Betrachten wir nun den ersten organischen Farbstoff, den wir in der obigen Grafik analysiert haben. Beim 1,3-Butadien findet eine Lichtabsorption im Bereich von ca. 220 nm statt. Beim 1,3-Butadien mit seinen Doppelbindungen stehen gemäß MO- bzw. LCAO-Theorie vier Molekülorbitale für die π-Bindungen zur Verfügung. Zwei dieser Orbitale (die unteren) sind jeweils mit zwei Elektronen besetzt, die anderen beiden Orbitale sind antibindende. Es findet beim 1,3-Butadien also eine π =>π* Übergang statt.
Untersucht man nun viele organische Stoffe mit konjugierten Doppelbindungen stellt man fest, dass die Energiedifferenz zwischen HOMO und LUMO (zumindest bei linearen organischen Verbindungen) von der Kettenlänge abhängt. Die Energiedifferenz ist umgekehrt proportional zur Kettenlänge der konjugierten Doppelbindungen.
Ergebnis:
Damit hätten wir auch die Farbtheorie nach Witt bestätigt, die besagt, dass jeder organische Farbstoff über einen “Strukturbereich” verfügt, der als Chromophor bezeichnet wird.

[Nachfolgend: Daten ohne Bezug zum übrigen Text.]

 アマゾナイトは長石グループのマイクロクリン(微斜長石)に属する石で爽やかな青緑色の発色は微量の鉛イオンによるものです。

Das Chromophore ist, wie der Name schon sagt, der Farbträger des Farbstoffes. Dieser Strukturteil ist für jeden Farbstoff zwingend erforderlich. Bei jedem Farbstoff wird die Struktur der Chromophore durch Mehrfachbindungen gewährleistet (konjugiertes Doppelbindungssystem).

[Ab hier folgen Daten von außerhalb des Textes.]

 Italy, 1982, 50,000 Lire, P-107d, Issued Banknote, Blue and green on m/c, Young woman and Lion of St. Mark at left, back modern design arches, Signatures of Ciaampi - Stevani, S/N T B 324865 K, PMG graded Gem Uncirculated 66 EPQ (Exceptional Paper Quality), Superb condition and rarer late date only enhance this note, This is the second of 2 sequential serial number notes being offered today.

Neben diesem Strukturteil gibt es noch den Bereich der “Auxochrome”. Auxochrome sind wie der Name schon sagt, Hilfen. Die Aufgaben der Auxochrome sind in der Regel (in Kombination mit derm Chromophore) eine Farbverstärkung bzw. verschiebung zu erreichen. Die Wirkung der Auxochrome beruht auf einem M-Effekt bzw. -M-Effekt.